Schmitt Kimberly, Mohan Kumar Dipu, Curlin James, Remling-Mulder Leila, Stenglein Mark, O'Connor Shelby, Marx Preston, Akkina Ramesh
Department of Microbiology, Immunology and Pathology, Colorado State University, Fort Collins, CO 80523, USA.
University of Wisconsin School of Medicine and Public Health, Madison, WI, USA.
Virology. 2017 Oct;510:175-184. doi: 10.1016/j.virol.2017.07.005. Epub 2017 Jul 24.
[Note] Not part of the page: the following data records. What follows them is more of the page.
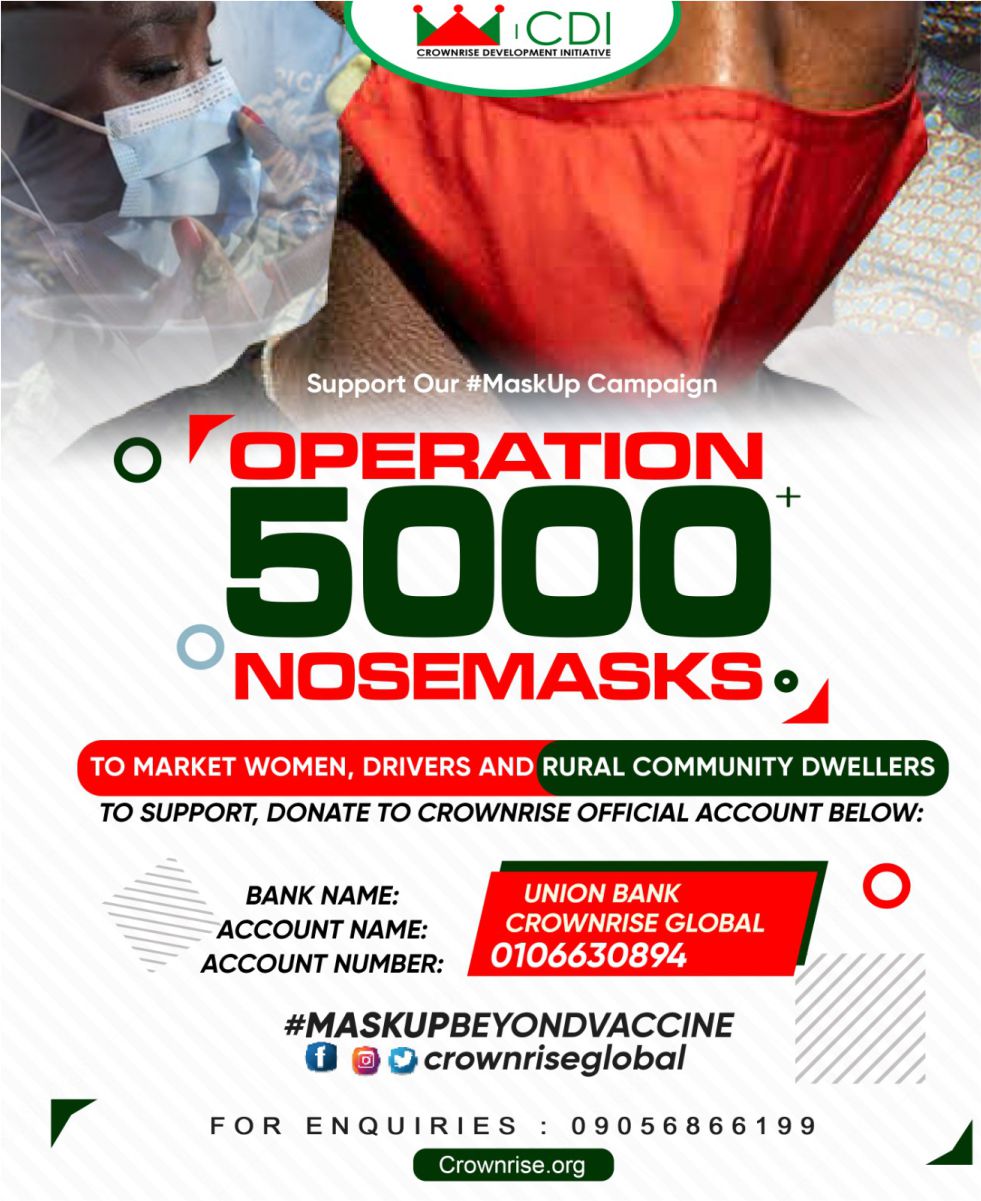 A Non Governmental Organisation, Crownrise Development Initiative (CDI) has stormed streets and market places in Osogbo, capital of Osun state to sensitise and educate people on the need to abide by all laid down safety measures by appropriate authorities to prevent contracting the deadly Corona virus pandemic.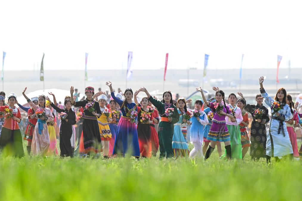 2024年7月14日,“相約草原·遇見那達慕”內(nèi)蒙古第34屆草原那達慕在錫林郭勒盟開幕,吸引游客前來感受草原文化。新華社記者 貝赫 攝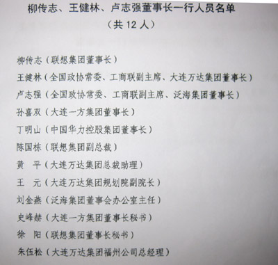 今天,联想集团董事长柳传志、万达集团董事长王健林、泛海集团董事长卢志强、一方集团董事长孙喜双、华力控股集团董事长丁明山等一行十二人,在福州市副市长时小雨、马尾区区长林新国和琅岐经济区高洪霖书记的陪同下,莅临琅岐岛视察,他们对琅岐岛——这块未开发的处 女地颇感兴趣!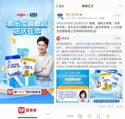 8月20日,拼多多“母嬰產品溯源行動”走進國民奶粉君樂寶的工廠,用在線直播的方式帶消費者探訪世界級牧場和工廠。當天近40萬寶爸寶媽見證了國產好奶粉誕生的全過程,同時直播間君樂寶全系奶粉都以全網最低價呈現,讓億萬中國寶寶喝到優質平價的國產奶粉。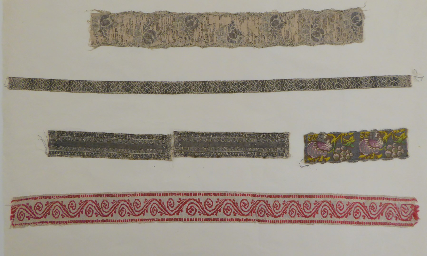 Vel papier met vijf fragmenten van garnituren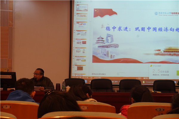 1月13日上午,公司副董事长欧阳峣莅临资源与环境科学学院301教室,为2017级员工讲授“形势与政策专题课”。此次课程以“稳中求进——巩固中国经济向好”为主题,资环公司党委书记彭才华主持讲座。

HIV-2 is thought to have originated from an SIV progenitor native to sooty mangabeys. To model the initial human transmission and understand the sequential viral evolution, humanized mice were infected with SIVsm and serially passaged for five generations. Productive infection was seen by week 3 during the initial challenge followed by chronic viremia and gradual CD4 T cell decline. Viral loads increased by the 5th generation resulting in more rapid CD4 T cell decline. Genetic analysis revealed several amino acid substitutions that were nonsynonymous and fixed in multiple hu-mice across each of the 5 generations in the nef, env and rev regions. The highest rate of substitution occurred in the nef and env regions and most were observed within the first two generations. These data demonstrated the utility of hu-mice in modeling the SIVsm transmission to the human and to evaluate its potential sequential evolution into a human pathogen of HIV-2 lineage.
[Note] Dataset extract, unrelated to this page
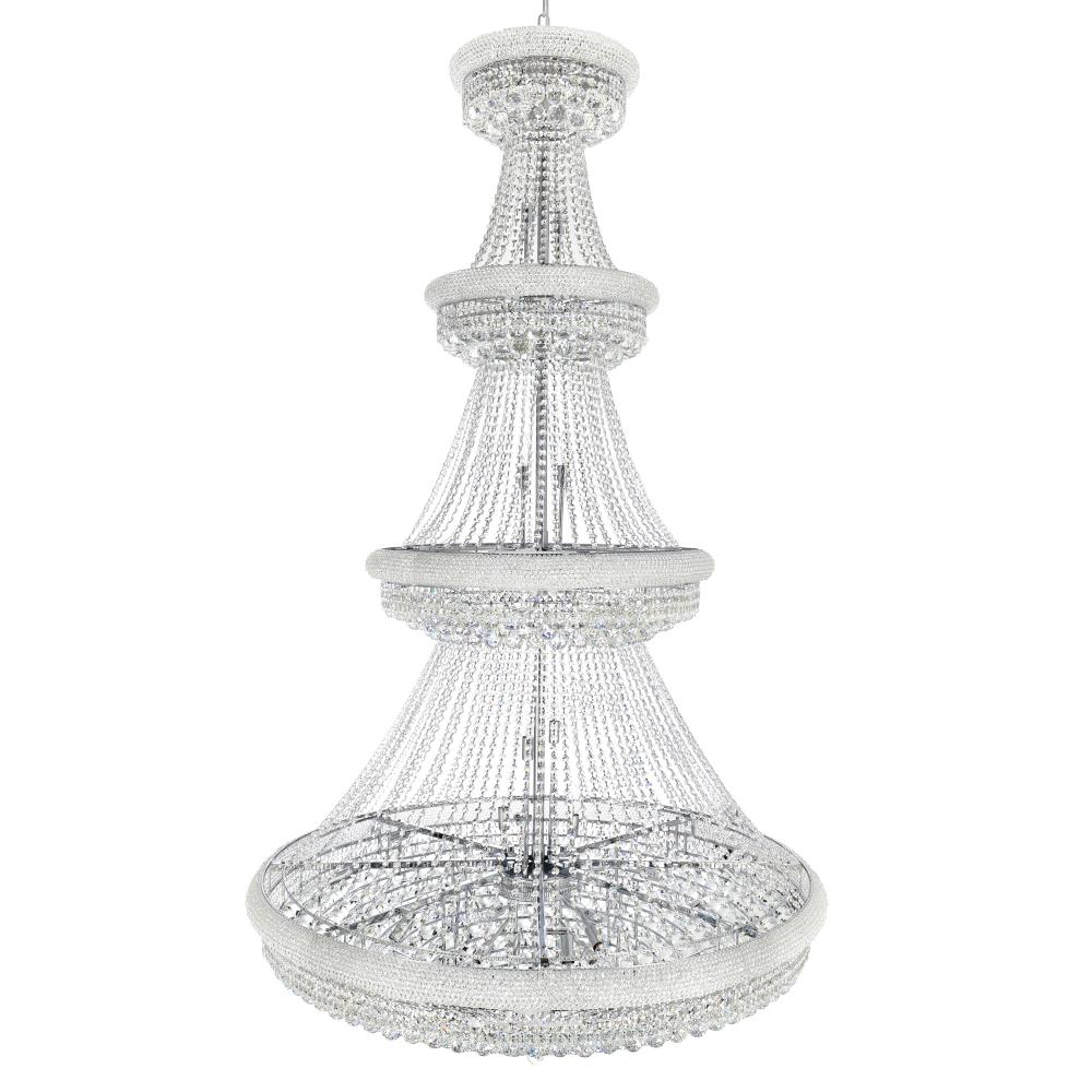 The Empire 42-Light Chandelier redefines luxury lighting with its imposing four-tiered structure and cascading crystal drapes. This 50" masterpiece channels the sleek sophistication of urban architecture while bathing your space in radiant, layered light. The chrome-finished frame creates dazzling reflections, making it perfect for elevating formal dining rooms, grand foyers, or event spaces. More than just a light source, this chandelier is a transformative design element that commands attention and elevates every occasion. Finish: Chrome with Crystal Draping Bulb Type: 42 x E12 Candelabra (Bulbs Not Included) Warranty: 1 Year Style: Modern Glam/Architectural Installation: Hardwired, Ceiling Mount (Professional Recommended) Best For: High ceilings (10+ ft recommended)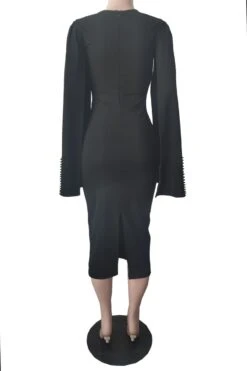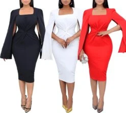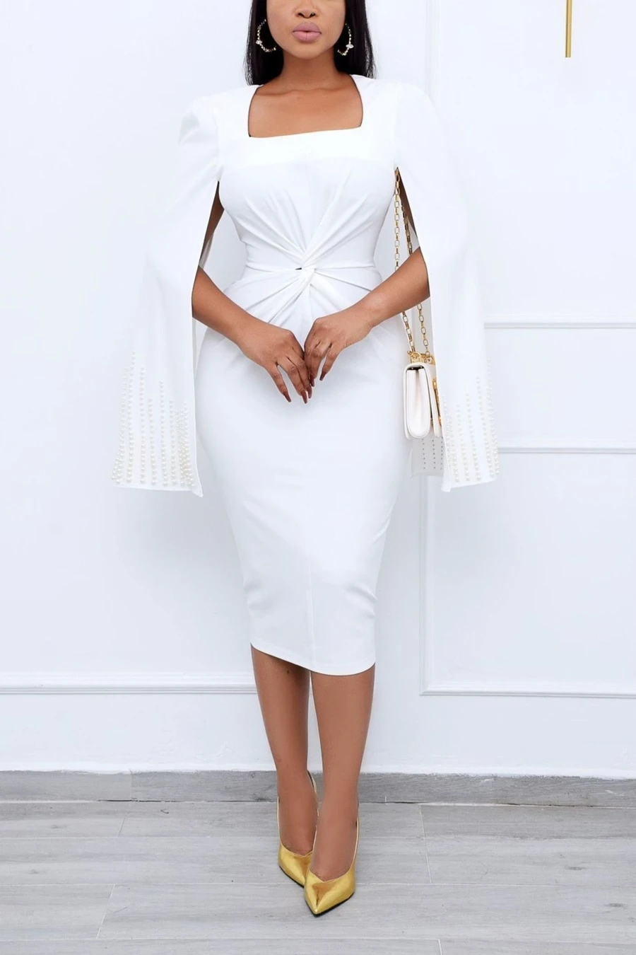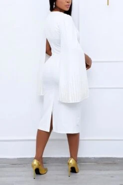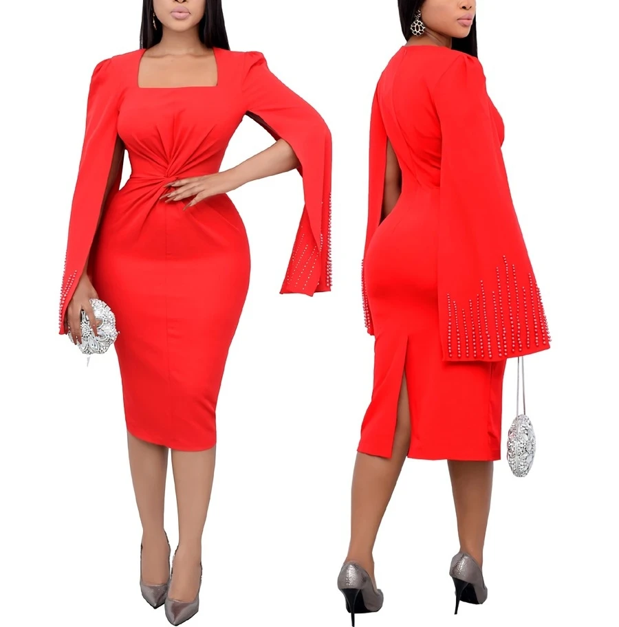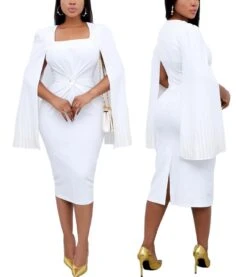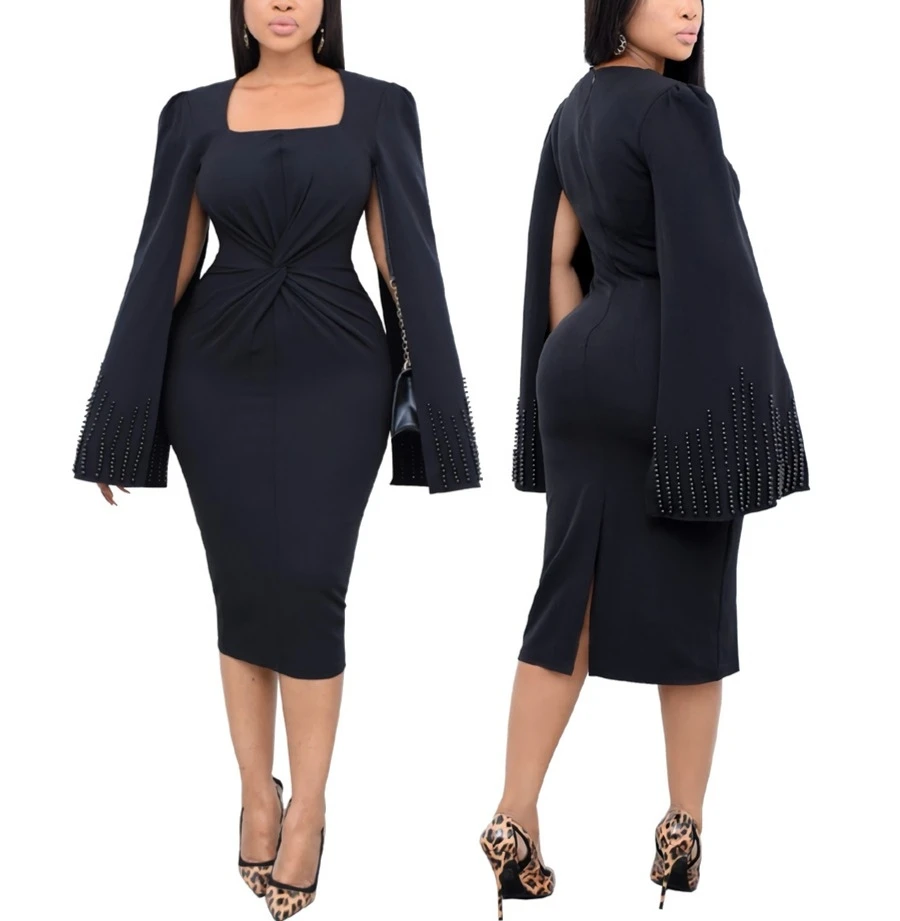 Spring new stylish solid color stretch slit plus size pearl pleated casual midi dress

人们认为HIV-2起源于原产于乌黑白眉猴的一种SIV祖病毒。为了模拟最初的人类传播并了解病毒的连续进化过程,将人源化小鼠感染SIVsm并连续传代五代。在初次感染后的第3周可见有效感染,随后出现慢性病毒血症和CD4 T细胞逐渐减少。到第5代时病毒载量增加,导致CD4 T细胞下降更快。基因分析揭示了几个非同义氨基酸替换,这些替换在nef、env和rev区域的每一代的多个人源化小鼠中固定下来。替换率最高的发生在nef和env区域,且大多数在前两代中观察到。这些数据证明了人源化小鼠在模拟SIVsm向人类传播以及评估其向HIV-2谱系人类病原体潜在连续进化方面的效用。